***** Collected material

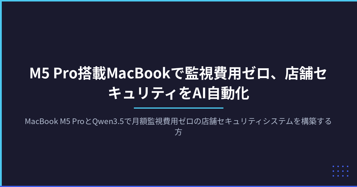 MacBook M5 ProとQwen3.5で月額監視費用ゼロの店舗セキュリティシステムを構築する方法を解説。クラウド型監視カメラの月額費用を削減し、ローカルAIで不審者検知から通知まで自動化できます。初期費用のみで運用可能な実践手順を公開。
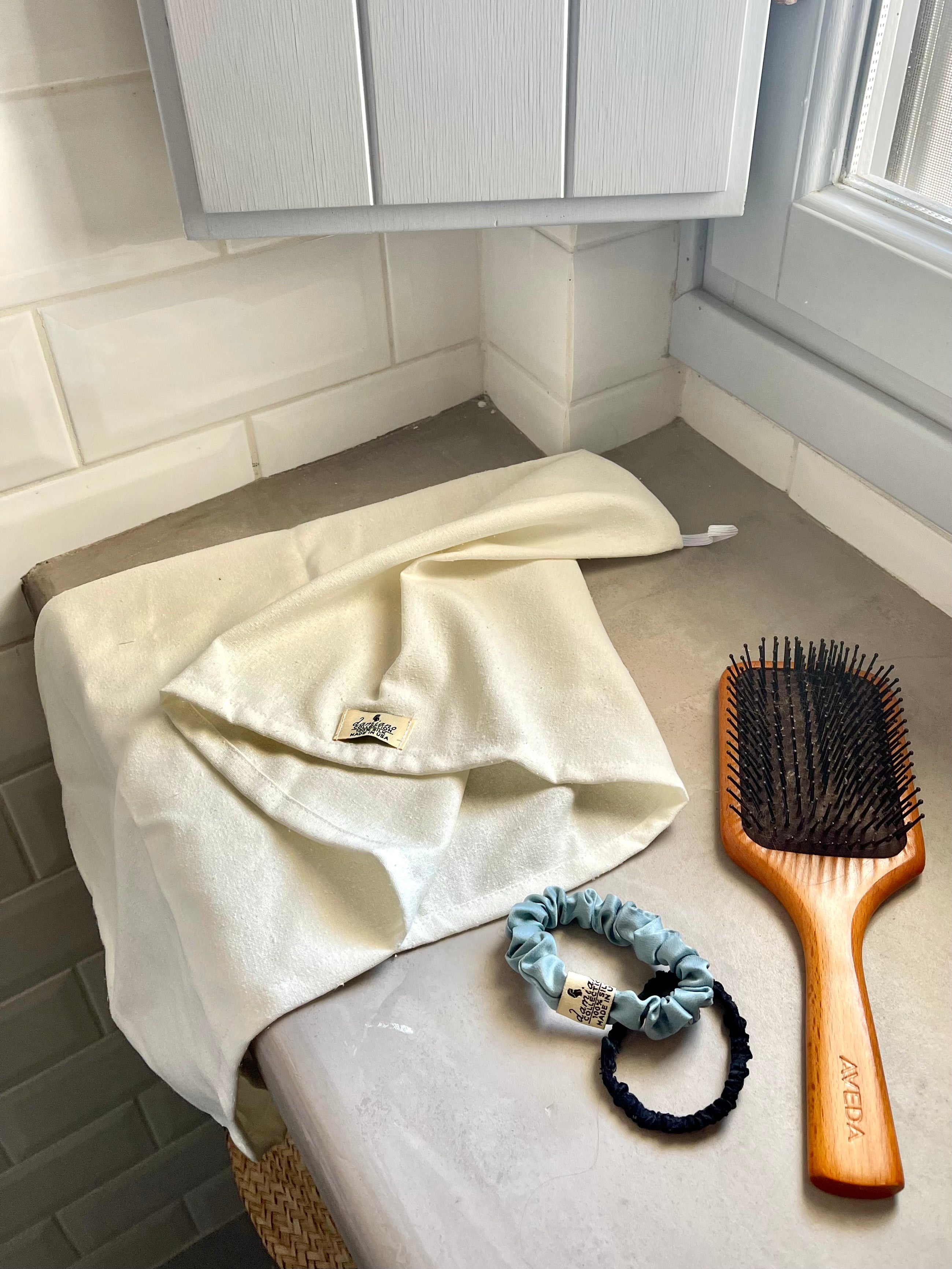 Discover a gentler way to care for your hair with our chemical and dye-free raw silk hair towel. Unlike traditional cotton or microfiber bath towels, our raw silk towel offers a healthier alternative to keep your locks hydrated and frizz-free. Best for all hair types including frizz-prone curly hair.
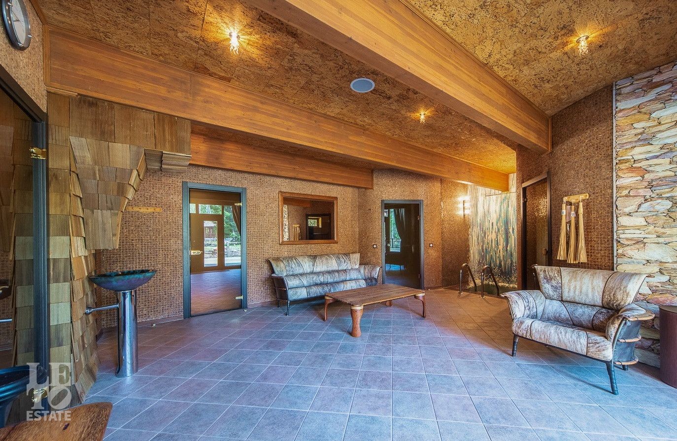 Первый этаж - 4 мастер-спальни с с/у и гардеробными, мастер-спальня с 2 с/у и 2 гардеробными, гостиная, зимний сад, комната отдыха. СПА зона: бассейн, джакузи, хамам, сауна, баня, купель, зона отдыха, спортивный зал.
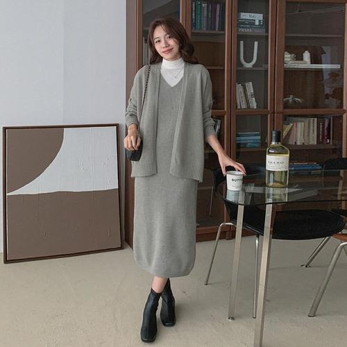 [유야]가디건 브이넥 나시 롱 원피스 니트 세트 투피스 -SST0090H- 여성 겨울

**********

## Task description:
What is needed is a verbatim copy of the lines running from the one with "Первый этаж - 4" through the last line of the listing above, excluding any pictures.

## Answer for the task:
 Первый этаж - 4 мастер-спальни с с/у и гардеробными, мастер-спальня с 2 с/у и 2 гардеробными, гостиная, зимний сад, комната отдыха. СПА зона: бассейн, джакузи, хамам, сауна, баня, купель, зона отдыха, спортивный зал.
 [유야]가디건 브이넥 나시 롱 원피스 니트 세트 투피스 -SST0090H- 여성 겨울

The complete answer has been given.